Factors against the rise of India as a Superpower
While above factor forces India to be the next Superpower. There are some factors which hinders the growth of India as a country.

  • Political obstacles
    • Lack of international representation: India is not a permanent member of the UNSC, although currently it is one of the four-nations group actively seeking a permanent seat in the council. Thus, India lacks the ability to extend its influence or ideas on international events in the way superpowers do.
    • Cost of democratic republic: Democratic republicanism has its value, more so in a multi-ethnic country like India. The Indian government has to consider many interest groups before decision making.
    • Insurgency: India has had significant successes with quelling many insurgencies. However the Indian government has acknowledged that there has been a dramatic increase in support for the Maoists (Naxalite) insurgency in the last decade. Kashmir too remains on boil. 
    • Disputes: India's growth is impeded by disputes with its neighboring China and Pakistan (over historical border and ideological issues) and disputes with Bangladesh (over water availability and the Farakka Dam).
  • Economic obstacles
    • Unemployment & Jobless Growth: India's growth in the services sector and Information Technology sector has not been matched by growth in manufacturing which can provide more jobs. Unless India finds a quick way to generate jobs, its population of unemployed youths could be a reason for instability.

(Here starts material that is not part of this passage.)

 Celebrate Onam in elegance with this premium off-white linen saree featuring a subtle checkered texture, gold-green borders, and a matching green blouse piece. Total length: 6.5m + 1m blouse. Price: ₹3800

    • Poverty: As of 2011, approximately 21.9% of India's population lived below poverty line. Various reforms, including mass employment schemes have been undertaken by the government to tackle this problem, and India has been quite successful in reducing its share of poverty. However, the issue of poverty in India is far from resolved.
    • Infrastructure: Basic infrastructure in India such as roads, power grid, water, communications infrastructure, housing and education are often below standards, and not catching up with the tune of its economic progress. Continued poor infrastructure might serve as a bottleneck to further economic development.

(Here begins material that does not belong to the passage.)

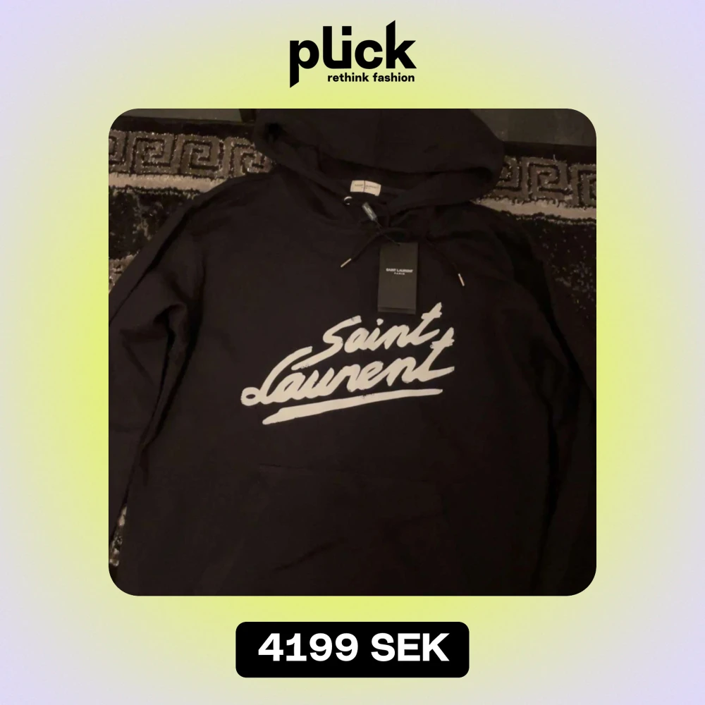 Säljer en snygg svart hoodie från Saint Laurent med deras ikoniska logga i vitt på framsidan. Perfekt för både vardag. Helt ny med taggar kvar. Passar perfekt till höst och vinter. Kvitto finns!

    • Energy dependence and costs: India heavily depends on foreign oil - a phenomenon likely to continue until non-fossil/renewable energy technology becomes economically viable in the country. As for now, India is energetically expensive since India has to import over 70% of its energy, thus making costs of comforts - like personal car or even air conditioning - extremely high.
  • Social issues
    • Low literacy: As per the 2011 India census, India's national literacy is only 74.04% (2011). Literacy in India is not homogeneous; some states in India have more impressive literacy rates than others.
    • Health: India's health scenario is dismal with diseases and malnutrition constantly affecting the poorest quarter of the populace. Mortality is still relatively high and the bane of AIDS is spreading quickly. According to a report of United Nations Development Programme, India has the highest population living with AIDS/HIV and its economy might suffer a setback if it does not check the problem of the virus' spread. It is estimated that India's economic growth will decline by 0.86 percentage annually if the AIDS problem is not properly dealt with.
    • Communal violence: India has a diverse mix of various religions and races. The majority are Hindus by religion, followed by Muslims, Sikhs, Christians, Jains, Buddhists, Bahaii and many more. Though most religions in India have been practising religious tolerance in their histories, the partition and subsequent terrorism had created some degree of uneasiness among some.
    • Social divide: The problem of India's social divide is often linked to its centuries-old caste system. In an attempt to eliminate the caste system, the Indian government has introduced special quotas for low-caste Indians in educational institutions and jobs. The measure is with the motive of helping lower-caste Indians to pursue higher education and thereby elevate their standard of life. However, the system is often criticised about its effectiveness as so called creamy layer (rich among the lower caste) get non-needed advantage & leave other lower caste groups poor only.